= Lianshun =

Lianshun (連順, 1844–1906), courtesy name Jie'an (捷安), was a Qing official and military commander of the Irgen Gioro clan from Girin Ula and a member of the Manchu Bordered Blue Banner.

== Biography ==
Lianshun accompanied his elder brother Jinshun on the Qing campaigns in Xinjiang, where he earned military distinction. He later served as Commander of Jinzhou (金州） Banner Troops, gaining a reputation for honest administration and benevolent governance; a commemorative stele was erected in his honor by the local population (連公德政碑).

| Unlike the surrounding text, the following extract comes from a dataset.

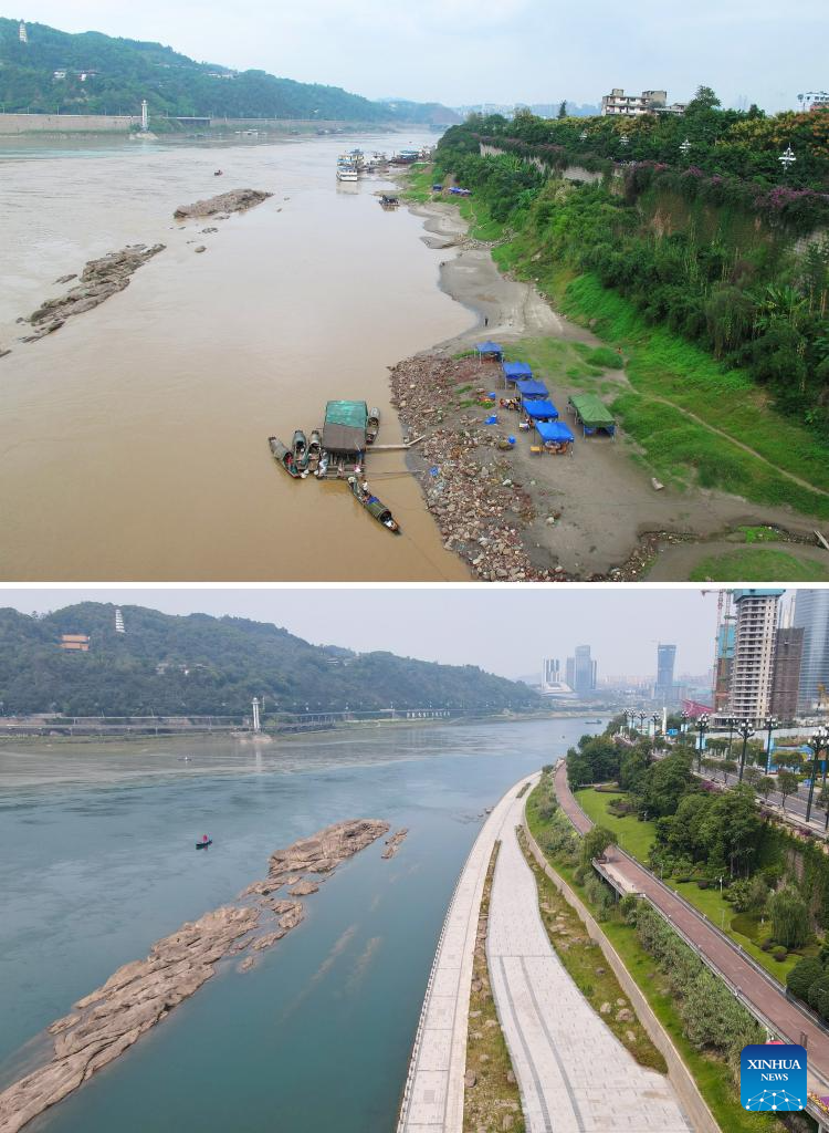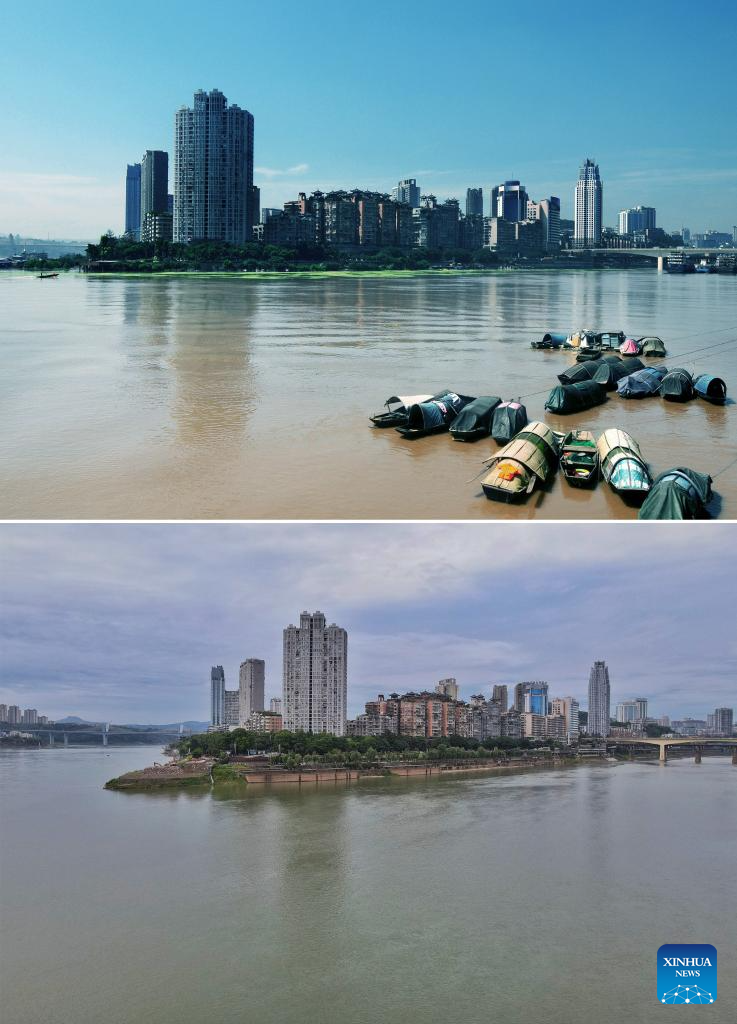 The above part of this combination photo taken by Zeng Lang in July 2014 shows a view along the Yangtze River in Yibin, southwest China's Sichuan Province, before an ecological improvement project. The lower part taken by Xinhua photographer Xu Bingjie shows a scenery along the Yangtze River in Yibin on June 26, 2023. In the past decade, Yibin and Luzhou of southwest China's Sichuan Province have made great efforts in improving ecological environment of the Yangtze River. (Xinhua)

During the First Sino-Japanese War (1894–1895), Lianshun commanded the defense of Jinzhou against Japanese forces led by Oyama Iwao. Despite having only a small garrison, he and the reinforcements under Xu Bangdao (徐邦道) repeatedly repelled Japanese assaults. After the city walls were breached, Qing troops fought a fierce urban battle before being forced to withdraw to Lüshunkou (旅順口) due to overwhelming enemy numbers. Following the fall of Jinzhou, Lianshun was stripped of office but allowed to remain in service. He was later reinstated and served as Ministerial Adviser （參贊大臣）, Imperial Resident and Administrative Minister at Khüree (庫倫辦事大臣), and General of Uliastai. He eventually reached to the prestigious position of Imperial Guard Minister (内大臣).